United offers flight attendants buyout packages of up to $100,000 each

Flight attendant Tonya Johnson walks the aisles of United Airlines' 787 Dreamliner at LAX during tours of the aircraft in 2012. United has offered buyout packages of up to $100,000 primarily to veteran flight attendants.
(Christina House / For The Times)

In hopes of cutting its staffing budget, United Airlines announced plans Monday to offer veteran flight attendants early buyout packages of up to $100,000 each.

United, which has been struggling to reconcile union contracts since its merger with Continental Airlines in 2010, hopes to reduce the ranks of its 23,000 flight attendants by about 2,000.

The buyout package has the support of the flight attendants union.


The airline has also offered to recall 1,450 flight attendants who left the airline or were laid off this year.

The airline expects to offer the buyout primarily to senior flight attendants while most of the former employees who will be allowed to return are attendants with less experience, according to airline officials.

“Employee morale is critical. This early out package and end to furloughs and other staffing disruptions is reached outside of contract negotiations,” the Assn. of Flight Attendants said in a statement.
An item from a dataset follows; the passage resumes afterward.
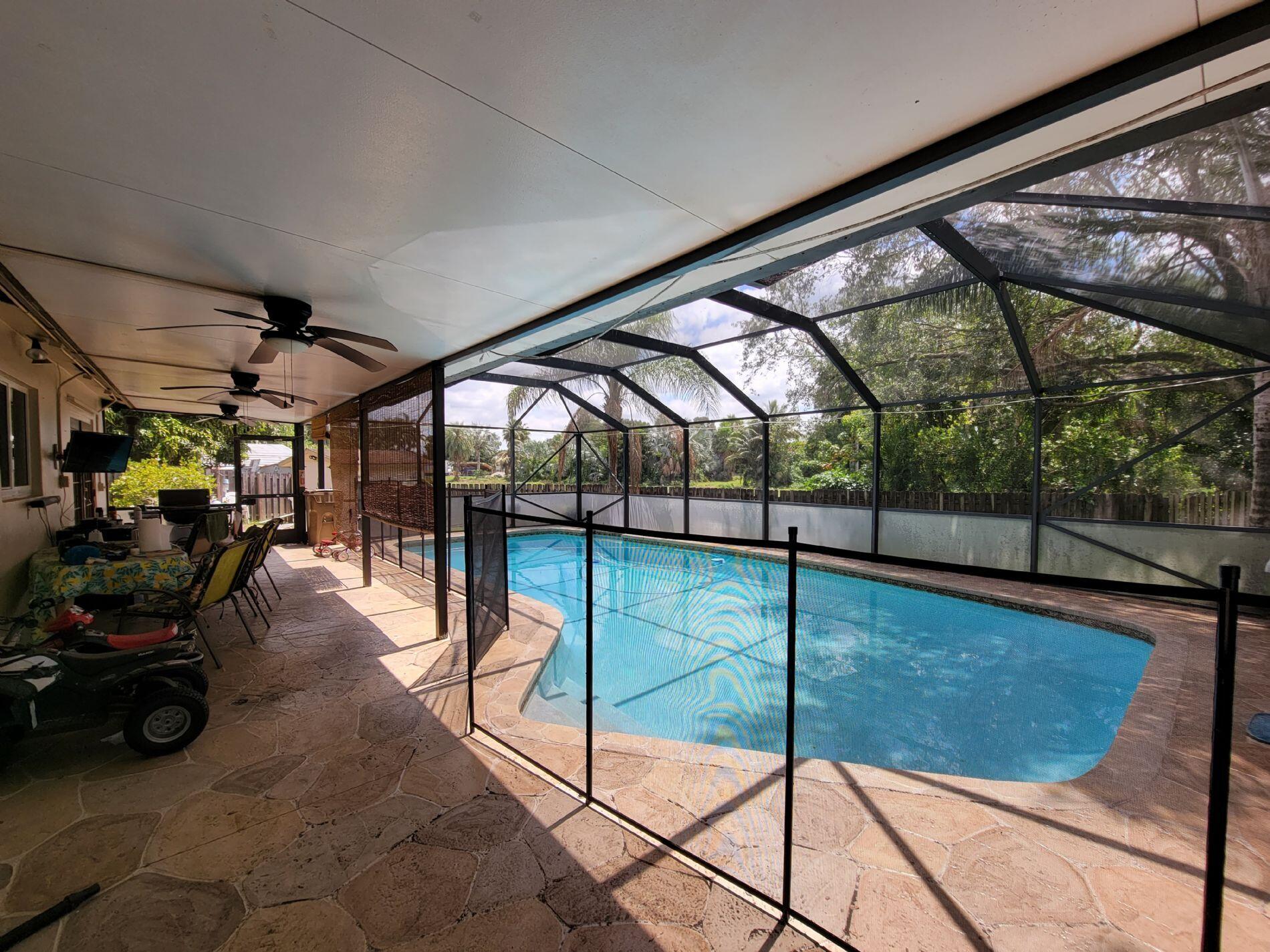 Come check out this fantastic three bedroom, 2 and a half bath with 2 car garage in beautiful Davie, FL! LOCATION LOCATION LOCATION!!! This peaceful beauty is situated on a quiet dead end and tree lined street where kids still play outside. Very well maintained neighborhood with no HOA or FLOOD INSURANCE REQUIREMENT!!! Walking distance to dining and shopping including Publix and Walmart! This great single family home with over 1,600 square feet has so much going for it including... Updated eat-in kitchen and bathrooms with granite countertops and stainless steel appliances! Tiled throughout for easy cleaning! Freshly painted exterior! Enjoy great pool parties in the large screened in patio and pool area with nicely shaded backyard and privacy fence!

The Chicago-based airline -- one of the largest in the world -- has reached contract deals with nearly every employee group except for flight attendants and technicians.

United officials said the buyout packages would help the airline and the flight attendants union reach a labor agreement.

“Recalling furloughed flight attendants and aligning our staffing to match our flying schedule will further facilitate the company and AFA reaching a joint collective bargaining agreement,” said Mike Bonds, executive vice president for human resources and labor relations at United. “It’s another positive step in what has become a productive relationship with AFA.”

The median annual salary for a flight attendant in the U.S. is $37,240, according to the Bureau of Labor Statistics. But experienced flight attendants who fly on international flights on major carriers can earn much more with overtime and bonuses.